Along the way they stopped at Black Beach outside of St. John’s, a place the group had visited together following the Vision Gathering. Standing on the land beside the water, tobacco was offered and a question that had been quietly circulating within the network was spoken aloud: What if carbon were understood not as a commodity, but as a relative within the living systems of the Earth? Sand from the black beach was gathered to accompany the Vision Basket as part of its growing bundle.
While in Membertou, Steven Nitah met with Elder Ed Perley and Elder Albert Marshall, and together they revisited the teachings of the Vision Basket and the instruction that it would eventually begin its snake dance across Turtle Island. Together, they agreed that the time had come for the basket to move. Responsibility for caring for the Vision Basket on this journey was entrusted to Erin Dixon, who now serves as Wise Practices Lead for the RAD Network.

Elder Ed Perley
In December 2025, Erin, Mary-Kate, and Jas returned to Sitansisk where the basket was brought by Elder Ed back to the Wolastoq River and feasted with ceremony before beginning the next stage of its journey.
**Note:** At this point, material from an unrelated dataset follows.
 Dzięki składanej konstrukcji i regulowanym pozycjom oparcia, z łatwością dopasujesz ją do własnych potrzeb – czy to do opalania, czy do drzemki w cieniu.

Erin lifted her pipe as Elder Ed sang the honour song, four eagles circled overhead and in that moment, the Vision Basket began the next phase of its meandering journey westward.
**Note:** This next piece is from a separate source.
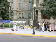 在午餐时,有一位就餐的西方男士,不仅为我们签名表示支持,还特意跑到我们的餐桌前要给我们捐款,我们表示了感谢并告诉他我们不能接受他的捐款。他告诉我们,他明白中国政府说有15名法轮功学员上吊自杀是骗人的,这让我们感到江泽民政府的谎言连这样一个小城市的美国人都蒙骗不了,更何况明白了真相的中国人民呢。
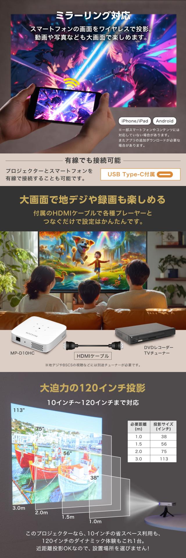* 投影サイズ: 10~120インチ

From top left: Elder Ed Perley, Elder Ramona Nicholas, Terry Young; Erin Dixon; The basket; Erin, Elder Ed, Mary-Kate and Jasmine.
Gathering Again Around the BaskeT
In January 2026, members of the RAD Leadership Circle: Steven Nitah, David Flood, Sam Whiteye, Dani Warren, and Gwen Bridge, gathered for a retreat in Beaver Valley, Ontario. It was the first time since the Vision Gathering that leadership had been physically together with the basket again. Rather than beginning with agendas or workplans, the gathering began with a day of ceremony and storytelling. The basket sat at the centre of the room, reminding everyone that leadership within RAD is not defined by titles, but by the willingness to carry responsibility in relationship to land, Spirit, and future generations. From this space, priorities for the coming year began to take shape and were carried back to the wider RAD team.

Erin and basket at RAD Leadership Gathering, Beaver Valley.
The Basket at the Indigenous Land Symposium
Soon after, the Vision Basket travelled to the Indigenous Land Symposium, where the RAD team hosted its first interactive visioning session centred around the basket.
The session, Community Land Visions: Reassuming Responsibility Towards Regenerative Futures, invited participants to reconnect with land-based visions emerging in their own territories. As Erin Dixon reminded participants: “Responsibilities to the land begin and are nurtured through vision– this is what the basket reminds us.”
During the ILS, the basket also received a new foundation. Traditional Knowledge Keeper Chuck Commanda, a master birch bark canoe builder from Kitigan Zibi Anishinabeg First Nation and grandson of Elder William Commanda, together with his apprentice Amberly Quakegesic from Chapleau Cree First Nation, created a birch bark tray for the basket to rest within.
Just as the ash basket holds the soils and visions gathered in 2023, the birch bark tray now carries the basket itself, a strong foundation rooted in the intergenerational continuation of knowledge and craft.

Amberly Quakegesic, Chuck Commanda and Erin Dixon with the birch tray
A Living Teaching and a Growing Bundle
The RAD Vision Basket continues its journey across Turtle Island as both a living teaching and a growing bundle. It carries soils from many territories and holds the memory of the teachings, relationships, and responsibilities that emerged during the Vision Gathering. As the basket moves from place to place in its snake dance, it continues to create space for people to reconnect with their own land-based visions and responsibilities.
The basket reminds us that transformation begins with vision, is held together through relationship, and moves forward through responsibility to land. The work of restoring lands, asserting Indigenous jurisdiction, and defending life systems cannot be carried by any single organization or community alone. We are stronger together. RAD exists to create the space where those relationships, and the visions they carry, can continue to grow.